Most MMX instructions are processed in a single processor cycle. The multiply instructions take three cycles until the result is available, but it can after each cycle a new multiplication be pushed into the pipeline (Pentium MMX to Pentium III).

Instruction set

A total of 24 new commands to deal with the different types of data, resulting in the 57 commands specified by Intel. Of these 24 commands, some only visible differences into account the sign and the Überlaufart, so that in principle leave only 15 basic operations.

Since MMX works with packed data, start most commands - in order to distinguish them from the beginning with F FPU instructions - with a P. MMX commands consist except the leading P option of the letters B, W, D or Q for the data format, a CPU -like command word (such as ADD, or CMP) and signed from S for U.S. or for unsigned saturation mode. So states such as the command PADDSW: P for Packed, ADD for addition, S for signed Saturation mode applied for the date of Words. The MMX instruction set includes instructions for:

  • Arithmetic manipulation of data
  • Logical manipulation of data
  • Data exchange
  • Data Comparison
  • Data conversion
  • MMX status

Detailed questions about the instruction set are the Intel Architecture Software Developer's Manual, Volume 2 - refer instruction set, see the section literature.

Arithmetic instructions

For the addition of the wrap-around fashion, there are three commands ( PADDP, PADDW, PADDD ) for the data types PackedByte, PackedWord, and PackedDoubleWord. In saturation mode commands for the signed ( PADDSB, PADDSW ) and unsigned exist ( PADDSUB, PADDUSW ) Addition of PackedBytes and PackedWords. A command for the addition of double words does not exist. In either mode, no indication of a will over-or underflow of the range, for example by setting flags given.

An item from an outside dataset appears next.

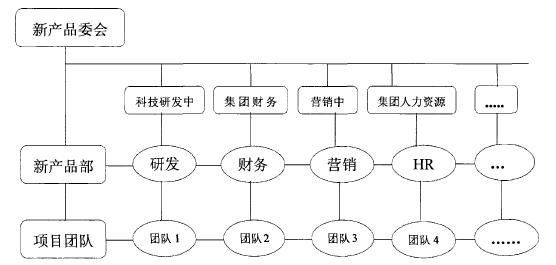 華羚集團為了保證實現突破發展瓶頸的經營目標,為藏地益寶蛋白質粉的開發上市建立了專門的新產品開發組織,該組織屬于矩陣式組織結構,主要包括新產品委員會、新產品部和項目團隊,各部門的成員是由集團各職能部門抽調的員工,上至高層管理者,下至基層生產工人,組成新的組織為藏地益寶開發上市服務。具體組織結構圖如下:

The commands for subtraction are similar in design to the addition.

In the multiplication is the problem that the results may exceed the size of the register of 64 bits. This has been achieved in that the high-order and low-order portion of the result is stored in two different registers. For multiplication and the use of the low proportion PMULLW is used ( Multiply Packed Word and Store Low) and for the high-order portion PMULHW ( Multiply Packed Word and Store High).

The PMADDWD instruction multiplies the four pairs of 16 -bit words, and added in pairs on the results.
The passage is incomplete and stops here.